Дед, что значит «человеческий мусор»?
Это, Сёмка, значит вот что. Например, была у тебя хорошая, нужная, полезная игрушка. Ты подрос и отдал её другу младше себя, ну, чтоб и ему пользу приносила, чтоб ему жить интересней было, а он ею пользоваться не хочет и не умеет, поэтому сломал и выбросил в мусор.
А, понятно! Это вот как ты. Папка говорит, что с тебя толку нет, потому что ты уже старый. Это потому, что он не умеет тобой пользоваться и не понимает тебя. Так, да, деда?
– Да, внук, сравненье ещё то! Но понял правильно.
А вот что значит «блатное сердце», я знаю: это значит его в магазине по блату купить можно, ну, как мама свои колготки покупает.
У деда Жоры брызнули слёзы от смеха.
Ну, ты, Сёмка, и фруктоза. Дальше-то рассказывать, башковитый, или хватит?
Меня удивил смех деда, но задавать вопросы я не стал.
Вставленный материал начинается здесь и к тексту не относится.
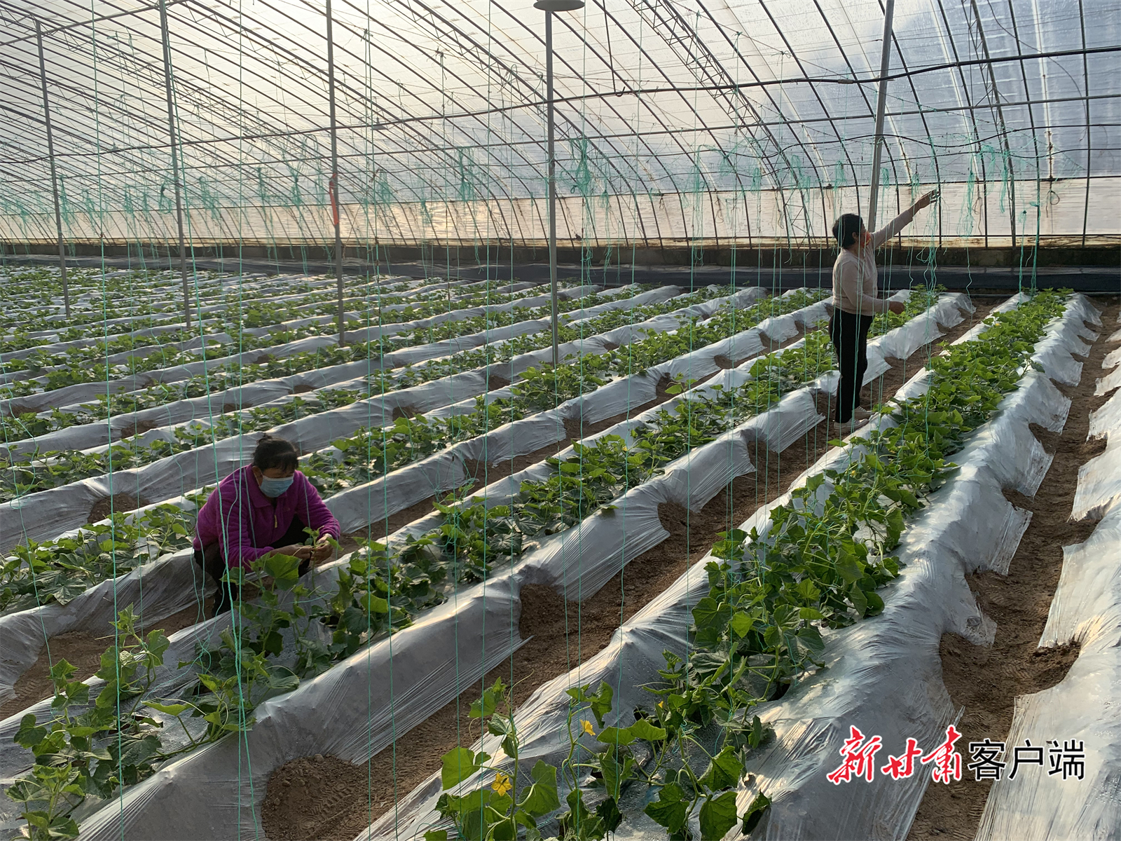 山东寿光技术人员和合水县当地农民结对开展白黄瓜管理工作。

Как хватит? Не, давай до конца!
Ну и вот. Из толпы раздался голос Жоры: «А ты не обхинявишься, начальничек? Мы на крыс крысоловов имеем, подюбилей тебя будут», – из Жорки пёрла накипь. Хозяина разозлила и оскорбила такая наглость. Искать среди этой толпы обнаглевшего раздражителя бесполезно: никто не сдаст. «А это мы прямо сейчас и начнём проверять. Зобов, начинай», – при этом он пальнул из нагана в толпу заключённых. И без того не умолкающий лай собак стал остервенелым, они рвались с поводков. Зобов зачитывал списки, набиралась группа заключённых и тут же угонялась в один из двенадцати бараков. «Горчичный!» Жорка услышал свою фамилию и вышел из толпы, перебирая ногами, словно пытаясь танцевать чечётку. «Эх, начальничек, дай папиросочку, вишь, у меня штаны в полосочку!» – пропел Жорка. «Будет тебе сейчас папиросочка», – «обхинявленный» Зобов обладал отличным слухом, поэтому сейчас, услышав голос Жорки, понял, что эта дерзость начальнику была его. Адэский поднапрягся, прищурил один глаз, нагло скривил губы: «А ты не пугай, не такими перцами пуганый!» – «В спецбарак этого!» Жорку отпнули в сторону и с остальными не увели.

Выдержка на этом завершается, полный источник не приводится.